However, it is not just a matter of money; it is a matter of culture, organisation and leadership. Increasing social mobility starts in primary schools, as a number of speakers have emphasised. Preparation for post-16 education and training should not be considered entirely a matter for key stages 3 and 4. From an early age, children should be encouraged to think about careers and the appropriate ways in which ambitions can be achieved. That means that children need to be taken out of their school and local environment at that stage, encouraged to see a variety of ways of earning a living and to develop their personal aspirations. As we have heard from a number of speakers, that is particularly important for children living in areas of deprivation, where their parents may not themselves have had the opportunity to develop their ambitions. Those children need to be taken to visit their local universities and colleges, to visit local businesses, to visit rural areas, if they live in urban areas and, perhaps, to develop links with schools in other countries or other parts of the United Kingdom that are very different from their own.

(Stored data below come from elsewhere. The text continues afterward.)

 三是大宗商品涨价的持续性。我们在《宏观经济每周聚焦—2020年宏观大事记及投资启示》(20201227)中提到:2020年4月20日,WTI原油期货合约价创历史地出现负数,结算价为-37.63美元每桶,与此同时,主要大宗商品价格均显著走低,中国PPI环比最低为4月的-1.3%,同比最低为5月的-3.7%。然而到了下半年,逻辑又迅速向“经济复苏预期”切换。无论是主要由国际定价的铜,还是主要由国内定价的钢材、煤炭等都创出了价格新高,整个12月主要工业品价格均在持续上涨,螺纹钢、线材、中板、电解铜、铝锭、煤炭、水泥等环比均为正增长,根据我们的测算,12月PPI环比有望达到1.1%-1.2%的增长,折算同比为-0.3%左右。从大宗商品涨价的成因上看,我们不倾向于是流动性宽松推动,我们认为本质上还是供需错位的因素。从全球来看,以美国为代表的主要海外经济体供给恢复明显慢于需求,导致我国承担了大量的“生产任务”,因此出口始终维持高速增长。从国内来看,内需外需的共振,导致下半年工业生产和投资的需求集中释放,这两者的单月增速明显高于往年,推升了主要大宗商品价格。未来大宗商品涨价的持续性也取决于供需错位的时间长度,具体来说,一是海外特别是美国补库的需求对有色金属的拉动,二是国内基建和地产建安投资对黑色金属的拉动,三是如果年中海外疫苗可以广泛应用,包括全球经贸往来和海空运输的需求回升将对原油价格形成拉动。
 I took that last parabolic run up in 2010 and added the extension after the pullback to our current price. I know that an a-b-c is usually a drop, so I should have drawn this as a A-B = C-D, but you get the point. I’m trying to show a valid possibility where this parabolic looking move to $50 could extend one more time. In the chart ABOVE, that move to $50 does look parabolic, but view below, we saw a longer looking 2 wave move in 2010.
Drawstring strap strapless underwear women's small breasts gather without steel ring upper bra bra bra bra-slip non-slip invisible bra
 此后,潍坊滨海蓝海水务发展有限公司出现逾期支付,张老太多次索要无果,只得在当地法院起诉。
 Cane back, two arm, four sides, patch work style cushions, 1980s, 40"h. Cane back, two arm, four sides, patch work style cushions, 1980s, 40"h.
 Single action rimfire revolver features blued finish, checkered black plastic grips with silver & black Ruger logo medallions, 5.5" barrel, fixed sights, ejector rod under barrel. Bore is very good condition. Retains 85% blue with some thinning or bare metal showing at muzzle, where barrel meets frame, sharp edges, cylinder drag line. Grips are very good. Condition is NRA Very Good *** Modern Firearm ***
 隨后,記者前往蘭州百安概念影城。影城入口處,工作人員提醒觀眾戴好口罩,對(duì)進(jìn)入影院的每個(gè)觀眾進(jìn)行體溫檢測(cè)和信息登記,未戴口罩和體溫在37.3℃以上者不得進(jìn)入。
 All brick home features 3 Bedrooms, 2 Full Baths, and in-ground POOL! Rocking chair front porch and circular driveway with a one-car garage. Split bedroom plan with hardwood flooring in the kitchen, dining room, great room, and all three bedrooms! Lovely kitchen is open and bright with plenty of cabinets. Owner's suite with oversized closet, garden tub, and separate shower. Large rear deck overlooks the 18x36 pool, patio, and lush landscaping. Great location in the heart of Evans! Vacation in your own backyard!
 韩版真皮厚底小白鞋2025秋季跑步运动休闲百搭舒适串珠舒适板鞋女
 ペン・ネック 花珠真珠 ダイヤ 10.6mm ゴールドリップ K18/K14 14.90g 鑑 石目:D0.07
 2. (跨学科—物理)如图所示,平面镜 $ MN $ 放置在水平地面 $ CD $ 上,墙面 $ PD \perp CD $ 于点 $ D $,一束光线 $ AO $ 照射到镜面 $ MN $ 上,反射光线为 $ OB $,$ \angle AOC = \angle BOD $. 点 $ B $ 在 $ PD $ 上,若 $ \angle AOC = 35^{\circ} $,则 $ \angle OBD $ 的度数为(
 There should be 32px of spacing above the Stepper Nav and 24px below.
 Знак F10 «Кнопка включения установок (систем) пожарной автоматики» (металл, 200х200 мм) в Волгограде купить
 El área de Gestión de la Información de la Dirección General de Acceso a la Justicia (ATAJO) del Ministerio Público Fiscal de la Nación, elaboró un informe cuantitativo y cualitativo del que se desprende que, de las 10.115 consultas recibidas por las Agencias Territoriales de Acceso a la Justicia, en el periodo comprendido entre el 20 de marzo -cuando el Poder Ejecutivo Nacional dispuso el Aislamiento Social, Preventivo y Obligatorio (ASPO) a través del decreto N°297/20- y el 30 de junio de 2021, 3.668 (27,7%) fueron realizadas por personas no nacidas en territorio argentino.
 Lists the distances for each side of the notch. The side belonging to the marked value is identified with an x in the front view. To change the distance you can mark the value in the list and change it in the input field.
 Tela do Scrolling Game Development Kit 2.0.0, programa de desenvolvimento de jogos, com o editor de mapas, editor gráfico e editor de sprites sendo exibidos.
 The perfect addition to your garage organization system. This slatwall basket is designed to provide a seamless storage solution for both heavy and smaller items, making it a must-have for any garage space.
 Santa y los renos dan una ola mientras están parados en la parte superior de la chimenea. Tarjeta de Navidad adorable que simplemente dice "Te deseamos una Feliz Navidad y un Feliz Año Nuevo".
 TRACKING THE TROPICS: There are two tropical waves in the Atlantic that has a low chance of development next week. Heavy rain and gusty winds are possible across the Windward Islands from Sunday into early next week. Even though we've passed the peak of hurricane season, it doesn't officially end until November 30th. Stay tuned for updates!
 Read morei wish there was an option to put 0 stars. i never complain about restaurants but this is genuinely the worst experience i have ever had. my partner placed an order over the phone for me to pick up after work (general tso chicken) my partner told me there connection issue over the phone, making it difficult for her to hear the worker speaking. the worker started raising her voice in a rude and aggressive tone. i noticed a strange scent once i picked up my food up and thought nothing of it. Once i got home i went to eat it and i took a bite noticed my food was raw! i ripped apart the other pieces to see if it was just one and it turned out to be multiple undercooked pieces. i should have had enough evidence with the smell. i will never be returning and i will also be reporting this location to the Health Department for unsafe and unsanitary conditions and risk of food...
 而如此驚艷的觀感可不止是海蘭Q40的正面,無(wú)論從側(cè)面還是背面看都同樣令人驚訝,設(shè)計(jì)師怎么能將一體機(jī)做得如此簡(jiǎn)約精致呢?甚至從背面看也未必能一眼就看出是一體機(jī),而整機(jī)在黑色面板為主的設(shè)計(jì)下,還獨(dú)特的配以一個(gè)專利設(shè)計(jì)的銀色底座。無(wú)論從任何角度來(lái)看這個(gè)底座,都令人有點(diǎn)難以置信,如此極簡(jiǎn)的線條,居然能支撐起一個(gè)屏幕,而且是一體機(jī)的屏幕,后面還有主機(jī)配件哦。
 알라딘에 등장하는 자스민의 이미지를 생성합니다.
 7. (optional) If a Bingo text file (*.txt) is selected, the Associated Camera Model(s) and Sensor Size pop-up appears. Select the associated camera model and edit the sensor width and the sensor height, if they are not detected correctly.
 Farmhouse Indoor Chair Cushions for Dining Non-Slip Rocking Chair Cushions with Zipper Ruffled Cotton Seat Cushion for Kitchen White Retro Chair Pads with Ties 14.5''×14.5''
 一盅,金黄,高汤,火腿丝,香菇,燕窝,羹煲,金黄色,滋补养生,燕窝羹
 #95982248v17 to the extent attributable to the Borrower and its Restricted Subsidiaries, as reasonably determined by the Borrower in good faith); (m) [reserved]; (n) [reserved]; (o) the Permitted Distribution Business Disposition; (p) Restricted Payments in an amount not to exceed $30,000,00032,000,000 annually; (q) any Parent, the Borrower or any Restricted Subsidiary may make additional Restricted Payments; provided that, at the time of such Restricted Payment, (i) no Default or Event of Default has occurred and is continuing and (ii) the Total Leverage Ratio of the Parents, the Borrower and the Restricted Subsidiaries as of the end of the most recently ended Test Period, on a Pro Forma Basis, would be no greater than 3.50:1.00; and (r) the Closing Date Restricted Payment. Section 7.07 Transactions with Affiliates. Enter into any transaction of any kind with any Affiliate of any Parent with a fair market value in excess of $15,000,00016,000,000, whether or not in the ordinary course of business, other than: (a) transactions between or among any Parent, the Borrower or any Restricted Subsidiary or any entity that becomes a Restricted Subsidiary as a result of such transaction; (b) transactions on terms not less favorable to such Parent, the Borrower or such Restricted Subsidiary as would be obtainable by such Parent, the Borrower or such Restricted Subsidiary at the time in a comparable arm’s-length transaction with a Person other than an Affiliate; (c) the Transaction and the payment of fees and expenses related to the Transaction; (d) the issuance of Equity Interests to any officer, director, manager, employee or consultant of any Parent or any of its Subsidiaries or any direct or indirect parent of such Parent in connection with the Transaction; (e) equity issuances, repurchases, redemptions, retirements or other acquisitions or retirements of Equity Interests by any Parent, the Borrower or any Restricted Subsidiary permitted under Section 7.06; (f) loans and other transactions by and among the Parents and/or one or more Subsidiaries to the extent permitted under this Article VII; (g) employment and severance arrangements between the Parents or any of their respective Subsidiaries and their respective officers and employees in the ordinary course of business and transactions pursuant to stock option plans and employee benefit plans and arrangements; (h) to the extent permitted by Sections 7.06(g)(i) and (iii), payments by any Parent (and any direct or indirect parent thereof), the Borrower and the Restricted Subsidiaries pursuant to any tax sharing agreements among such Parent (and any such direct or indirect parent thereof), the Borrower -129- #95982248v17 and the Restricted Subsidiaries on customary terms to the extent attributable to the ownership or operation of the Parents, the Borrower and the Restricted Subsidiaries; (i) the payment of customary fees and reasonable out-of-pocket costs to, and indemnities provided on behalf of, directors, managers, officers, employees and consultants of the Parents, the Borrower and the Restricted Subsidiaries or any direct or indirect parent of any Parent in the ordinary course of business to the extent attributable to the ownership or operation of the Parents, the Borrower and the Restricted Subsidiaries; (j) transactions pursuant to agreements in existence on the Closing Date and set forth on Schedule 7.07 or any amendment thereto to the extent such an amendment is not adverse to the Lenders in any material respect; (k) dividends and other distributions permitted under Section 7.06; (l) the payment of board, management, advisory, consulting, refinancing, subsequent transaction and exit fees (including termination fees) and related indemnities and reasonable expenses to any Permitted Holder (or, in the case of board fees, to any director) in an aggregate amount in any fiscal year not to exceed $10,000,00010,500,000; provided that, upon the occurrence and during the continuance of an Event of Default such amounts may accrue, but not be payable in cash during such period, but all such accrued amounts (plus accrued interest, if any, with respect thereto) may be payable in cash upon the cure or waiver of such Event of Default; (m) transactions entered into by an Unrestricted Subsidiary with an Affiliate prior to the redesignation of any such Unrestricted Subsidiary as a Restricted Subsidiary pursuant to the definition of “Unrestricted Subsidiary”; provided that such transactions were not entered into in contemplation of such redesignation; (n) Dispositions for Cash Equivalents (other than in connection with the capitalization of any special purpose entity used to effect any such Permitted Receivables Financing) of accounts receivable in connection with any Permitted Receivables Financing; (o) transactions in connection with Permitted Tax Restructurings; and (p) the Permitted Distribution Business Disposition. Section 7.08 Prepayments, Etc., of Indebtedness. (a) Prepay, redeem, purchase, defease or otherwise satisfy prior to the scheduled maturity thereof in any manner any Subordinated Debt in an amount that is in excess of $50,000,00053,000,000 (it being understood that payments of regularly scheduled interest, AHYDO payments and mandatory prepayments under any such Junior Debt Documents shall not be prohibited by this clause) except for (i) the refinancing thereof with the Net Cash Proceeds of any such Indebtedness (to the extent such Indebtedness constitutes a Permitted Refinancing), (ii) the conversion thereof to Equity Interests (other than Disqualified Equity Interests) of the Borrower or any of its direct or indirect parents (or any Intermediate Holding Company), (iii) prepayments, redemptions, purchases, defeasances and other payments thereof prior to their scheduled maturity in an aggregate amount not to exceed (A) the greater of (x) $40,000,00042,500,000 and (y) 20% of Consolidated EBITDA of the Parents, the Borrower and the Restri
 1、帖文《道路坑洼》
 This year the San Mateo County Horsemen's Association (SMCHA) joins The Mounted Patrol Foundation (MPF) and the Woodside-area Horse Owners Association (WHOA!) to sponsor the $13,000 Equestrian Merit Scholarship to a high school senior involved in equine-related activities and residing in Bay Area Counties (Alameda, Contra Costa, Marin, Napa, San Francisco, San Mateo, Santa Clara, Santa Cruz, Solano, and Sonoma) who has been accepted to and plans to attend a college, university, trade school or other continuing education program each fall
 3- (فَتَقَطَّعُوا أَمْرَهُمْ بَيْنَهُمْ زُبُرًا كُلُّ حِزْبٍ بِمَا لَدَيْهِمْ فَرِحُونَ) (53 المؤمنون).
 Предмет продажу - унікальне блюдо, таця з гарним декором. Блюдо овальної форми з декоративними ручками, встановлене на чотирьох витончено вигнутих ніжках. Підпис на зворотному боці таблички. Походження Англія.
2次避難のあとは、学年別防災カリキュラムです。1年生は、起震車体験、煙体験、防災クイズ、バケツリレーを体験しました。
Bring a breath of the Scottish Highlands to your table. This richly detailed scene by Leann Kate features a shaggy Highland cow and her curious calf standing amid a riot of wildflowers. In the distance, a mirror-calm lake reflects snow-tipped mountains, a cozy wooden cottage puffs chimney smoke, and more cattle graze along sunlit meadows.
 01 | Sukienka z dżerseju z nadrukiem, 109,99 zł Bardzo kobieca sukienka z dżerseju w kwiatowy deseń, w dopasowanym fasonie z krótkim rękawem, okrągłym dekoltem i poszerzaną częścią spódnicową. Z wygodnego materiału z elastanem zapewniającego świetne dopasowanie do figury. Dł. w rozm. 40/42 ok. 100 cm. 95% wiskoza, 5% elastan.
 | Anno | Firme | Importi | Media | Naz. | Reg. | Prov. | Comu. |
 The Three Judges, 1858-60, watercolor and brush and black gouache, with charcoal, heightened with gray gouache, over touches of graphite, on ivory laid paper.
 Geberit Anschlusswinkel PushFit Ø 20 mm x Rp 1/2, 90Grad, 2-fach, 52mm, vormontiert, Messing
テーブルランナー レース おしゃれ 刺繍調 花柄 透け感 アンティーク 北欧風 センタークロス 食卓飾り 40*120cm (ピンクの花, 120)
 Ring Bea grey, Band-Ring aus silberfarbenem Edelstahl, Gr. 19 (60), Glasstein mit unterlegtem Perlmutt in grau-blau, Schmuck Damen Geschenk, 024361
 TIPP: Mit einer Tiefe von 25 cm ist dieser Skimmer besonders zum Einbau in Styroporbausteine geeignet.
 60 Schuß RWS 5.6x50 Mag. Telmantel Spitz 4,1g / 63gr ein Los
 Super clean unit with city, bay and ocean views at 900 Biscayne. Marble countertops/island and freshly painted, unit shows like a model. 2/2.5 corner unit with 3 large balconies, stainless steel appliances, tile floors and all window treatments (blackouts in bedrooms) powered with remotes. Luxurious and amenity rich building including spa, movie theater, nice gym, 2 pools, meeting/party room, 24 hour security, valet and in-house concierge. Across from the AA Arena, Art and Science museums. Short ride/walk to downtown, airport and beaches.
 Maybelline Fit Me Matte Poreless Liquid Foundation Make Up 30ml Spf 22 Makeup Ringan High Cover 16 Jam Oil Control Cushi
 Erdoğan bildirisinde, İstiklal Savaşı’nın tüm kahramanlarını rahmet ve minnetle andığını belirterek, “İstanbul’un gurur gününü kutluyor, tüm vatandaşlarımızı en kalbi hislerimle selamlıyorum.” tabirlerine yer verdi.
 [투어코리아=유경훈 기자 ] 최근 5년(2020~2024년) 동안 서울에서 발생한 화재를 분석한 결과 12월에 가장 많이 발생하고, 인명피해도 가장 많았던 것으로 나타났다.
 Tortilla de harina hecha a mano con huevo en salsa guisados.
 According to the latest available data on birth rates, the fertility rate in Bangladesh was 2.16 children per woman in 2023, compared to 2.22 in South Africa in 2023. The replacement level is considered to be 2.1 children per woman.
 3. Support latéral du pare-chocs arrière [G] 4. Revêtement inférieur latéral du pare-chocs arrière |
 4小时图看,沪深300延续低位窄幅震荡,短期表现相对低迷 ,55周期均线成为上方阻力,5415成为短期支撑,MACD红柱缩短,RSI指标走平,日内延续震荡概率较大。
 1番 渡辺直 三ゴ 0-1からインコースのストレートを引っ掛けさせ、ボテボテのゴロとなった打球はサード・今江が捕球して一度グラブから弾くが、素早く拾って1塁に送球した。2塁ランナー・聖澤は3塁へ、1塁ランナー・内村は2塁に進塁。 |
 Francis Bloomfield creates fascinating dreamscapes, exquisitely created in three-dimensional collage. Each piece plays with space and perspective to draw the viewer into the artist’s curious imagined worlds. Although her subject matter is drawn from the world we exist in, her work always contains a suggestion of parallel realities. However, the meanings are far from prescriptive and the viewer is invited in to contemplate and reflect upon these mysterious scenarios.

The critical issue is this: many young people are unaware of the opportunities available and what educational qualifications are needed to take up those opportunities. Conversely, not enough employers are taking up the chances to invest time in helping young people make the right choices.

In conclusion, I return to the IPPR report that I cited earlier. What is particularly interesting about its report—I hope that, following our debate, the Minister will look closely at it—is that it tested its conclusions. It arranged for four secondary schools to receive talks from local employers in the automotive industry and for pupils to visit local plants to learn more about the industry and the careers within it. It surveyed young people’s thinking about available careers and found that pupils had insufficient knowledge about which careers did and did not have science qualifications as prerequisites. As a case study, that is very important, because it demonstrates the gap that exists and points to a way to bridge it.

If one of the aims of raising the participation age is to enable young people better to understand the job opportunities that could be available to them and thereby to improve social mobility, the responsibility for achieving that needs to be shared between schools, careers advisory networks and business, but we must be very clear that the leadership role lies with a school’s careers service. I do not know when Ofsted will return to the issue, but I hope that the Minister will be able to say something further about that in his response. We cannot have another Ofsted report which says that three-quarters of schools are not fulfilling their statutory role.

My Lords, I am grateful to the Minister for giving us the opportunity to participate in this debate. I thank the House of Lords Library for an excellent briefing paper. I want to talk about two things: social mobility generally and, secondly, the area of education that is my specific concern: arts education. I declare an interest as a vice-chair of the All-Party Parliamentary Group on Art, Craft and Design Education.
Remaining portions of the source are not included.